常宇表情略顯無奈的笑了笑,呂大器意識到跑題跑的有點遠,若是打荊襄怎么會只調他這么點人,而且千里調兵為何不直接用武昌左良玉的兵馬,那邊可號稱二十萬呢。
左良玉呂大器突然間抓到了什么“督主之意莫非在武昌”
這話也給另外兩個憨憨提了醒,趙之龍和朱國弼臉色也變了,終于反應過來,常宇調他們來是為了對付左良玉。

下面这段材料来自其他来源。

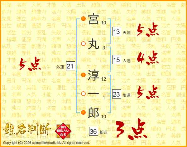 宮(10画)丸(3画) 淳(12画)一(1画)郎(10画)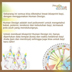 Human Design adalah tool psikometri untuk mengetahui bakat, potensi, tendensi dan kebutuhan bayi, termasuk pola asuh yang mendukungnya.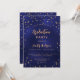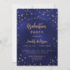 Ett glamoröst inbjudningskort för en studentfest för både honom och henne. En marin blå bakgrund med faux guld-stjärnor. Den blå färg är ojämn. Anpassa och lägg till information om namn och party. Texten Studenten och namn är skrivna med ett modernt handskript i stil. Golden färgad. Baksida: marin blå bakgrund och guldstjärnor.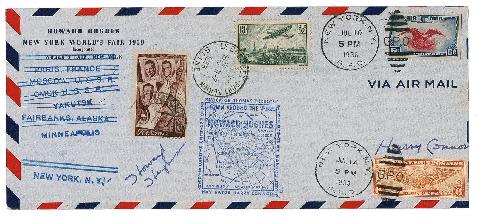 Rare flight-flown commemorative cover, 9.75 x 4.5, carried by Hughes on his 1938 trans-global flight, bearing several stamps and postmarks from various stops on his three day trip: Paris; Moscow, Omsk, Yakutsk (in the Soviet Union); Fairbanks, Alaska; Minneapolis, and New York. Signed on the front in blue ink by both Hughes and co-pilot Harry Connor. In fine condition, with tip of one postal cancellation touching the beginning of Connor’s signature.
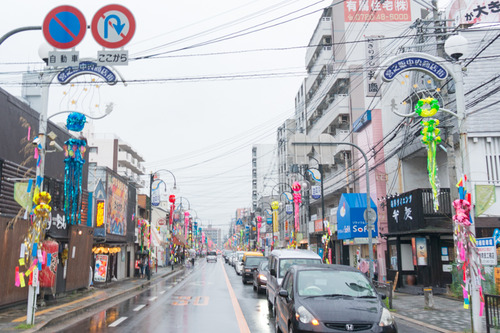 毎年広くて長い商店街の端から端まで豪華な七夕飾りで装飾されます。

開什么玩笑啊,左良玉坐鎮武昌擁兵二十萬,你讓俺們帶著幾千人這不扯犢子么。
常宇當然沒心思給他們扯犢子,便將先前同李巖所議之事全盤托出,呂大器等人這才松了口氣,只是給左良玉施壓而已,而且根據常宇和李巖的分析左良玉即便不愿乖乖聽話但絕對也不會撕破臉說反了,他若真反了的話除非聯手荊襄的賊軍一起創業,否則僅憑他自己和朝廷單挑,即便現在朝廷國力不支,兵馬不濟,但不出半年小太監一點點的磨就能把他給磨死。
“督公的意思是,吾等發兵德安的這段時間其實是在等左良玉的反應,他若乖乖的奉令督公便可班師回朝,若其陰奉陽違或者違令抗旨吾等則同呂尚書進駐九江且督公也要另做施壓舉動是么”朱國弼皺眉問道。
常宇點頭“正是此意”。
“那如何知道左良玉乖乖奉令了或者沒陰奉陽違,進攻荊襄是大事從兵馬調動糧草籌備少說也得一個多月,他若磨磨唧唧的不知拖延到幾時,難不成督公還就一直在這等著他”趙之龍提出心中疑問。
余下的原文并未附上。